January 26: A patient in Pennsylvania contracts the virus.
January 31: Travel restrictions prohibit non-U.S. citizens, other than the immediate family of U.S. citizens and permanent residents who had traveled to China within the previous two weeks, from entering the United States. Americans returning from China are allowed into the country, but they face screening at select ports of entry and are required to undertake 14 days of self-screening. Those returning from Hubei province, the center of the outbreak, are subject to up to 14 days of mandatory quarantine.
Note: This was not a total travel ban between the U.S. and China.
The New York Times, April 4, 2020, 430,000 People Have Traveled From China to U.S. Since Coronavirus Surfaced, by Steve Eder, Henry Fountain, Michael H. Keller, Muyi Xiao, and Alexandra Stevenson,
There were 1,300 direct flights to 17 cities before President Trump's travel restrictions. Since then, nearly 40,000 Americans and other authorized travelers have made the trip, some this past week and many with spotty screening.
In interviews, multiple travelers who arrived after the screening was expanded said they received only passing scrutiny, with minimal follow-up.
"I was surprised at how lax the whole process was," said Andrew Wu, 31, who landed at Los Angeles International Airport on a flight from Beijing on March 10. "The guy I spoke to read down a list of questions, and he didn't seem interested in checking out anything."
Mr. Wu, who has had no symptoms and has not become ill, said he was told to stay inside for 14 days when he landed in Los Angeles. He said he received two reminder messages the next day by email and text, but no further follow-up.
Another traveler, Chandler Jurinka, said his experience on Feb. 29 had an even more haphazard feel. He flew from Beijing to Seattle, with stops in Tokyo and Vancouver.

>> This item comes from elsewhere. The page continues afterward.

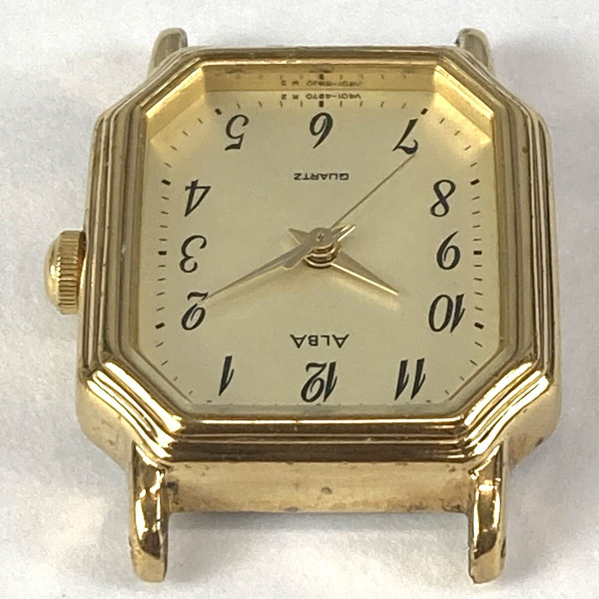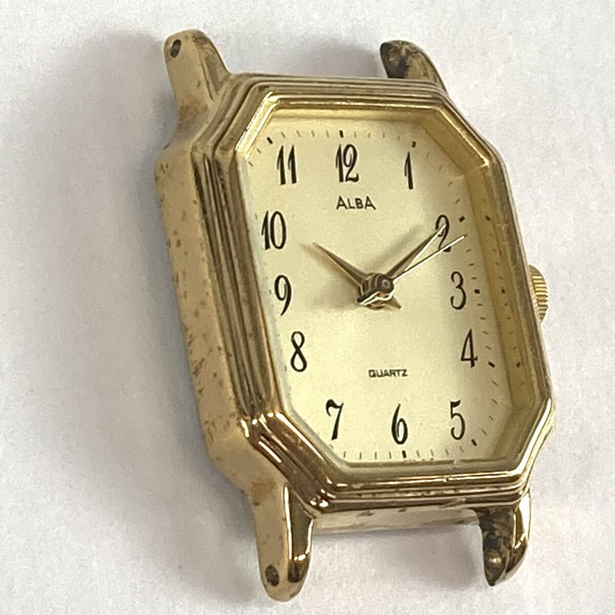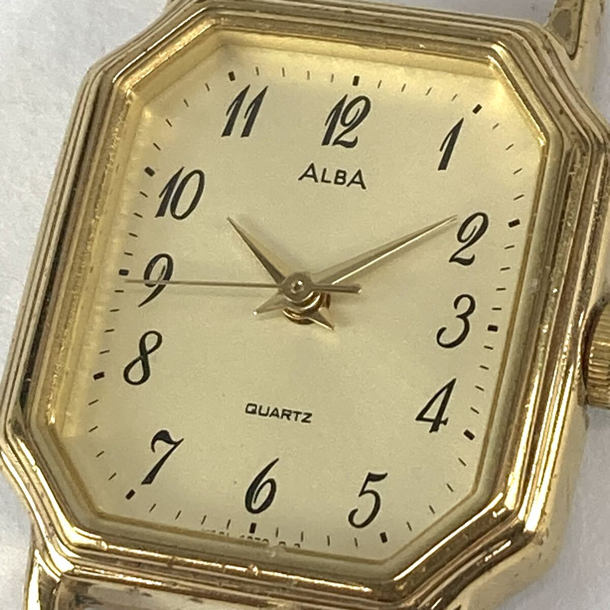 | 商品説明 | SEIKO ALBA セイコー アルバ オクタゴンフェイス ドレスウォッチ ゴールド アナログ クォーツ 腕時計 [材質] ステンレス [ケース] 約20mm [手首周り] ー [動力] クォーツ 電池式 [電池交換] 25/8月 [リュウズ] ◯ [動作] 稼働 (精度不明) [付属品] ー [状態B] 日常生活でついた多少の擦れがあります。 機能面に問題があるような目立ったキズや汚れはなく、まだ愛用いただける中古品として状態の良い時計です。 ■商品状態の目安 【N】 新品もしくは中古未使用品。 【S】 未使用、数回使用、デッドストック等で新品に近い商品。 【A】 キズや汚れが少なく、中古品として状態の良い綺麗な商品。 【B】使用感やキズ、ヨゴレはあるが機能面に問題のない良品、一般的な中古商品。 【C】 目立つヨゴレやキズ、色褪せなど使用感のある商品。 【D】 ヨゴレやダメージがひどいもの、または破損している難あり商品。 [採寸について] 大体の実寸(cm)をアナログメジャーで目視計測しています。 採寸の誤りや状態の見落としがあった場合はご容赦願います。 330/1100/250805ogawar V401-5800/5D0592 |

At the Seattle-Tacoma airport, he said, an immigration officer went through his documents and asked questions unrelated to the virus about his job and life in China. At no point did anyone take his temperature, he said.
"He hands me my passport and forms and says, 'Oh, by the way, you haven't been to Wuhan, have you?'" Mr. Jurinka said. "And then he says, 'You don't have a fever, right?'"
Like others, he left the airport with a card that recommended two weeks of self-quarantine and a promise that someone would call to check up on him. He said he never got a call.
March 13: After labeled a global pandemic by the World Health Organization, Trump declares the virus a national emergency. Social-distancing guidelines for the country are outlined. On the same day, more than a little late, travel restrictions from 26 European countries are applied.
ABC News, Kelly McCarthy, April 9, 2020, New York coronavirus outbreak originated in Europe, new study finds.
COVID-19
cases in New York City were found as early as February.
A new study has found evidence that the
first COVID-19 cases in New York City originated in Europe and
occurred as early as February. Researchers found that COVID-19 in New York City
"predominately arose through untracked transmission between the United
States and Europe, with limited evidence supporting direct introductions from
China, where the virus originated, or other locations in Asia".
April 21: Two thousand, eight hundred and four (2804) deaths are recorded in one day in the United States, more than the total number of deaths in Turkey, and 50 percent of the total number of deaths in Germany to that date.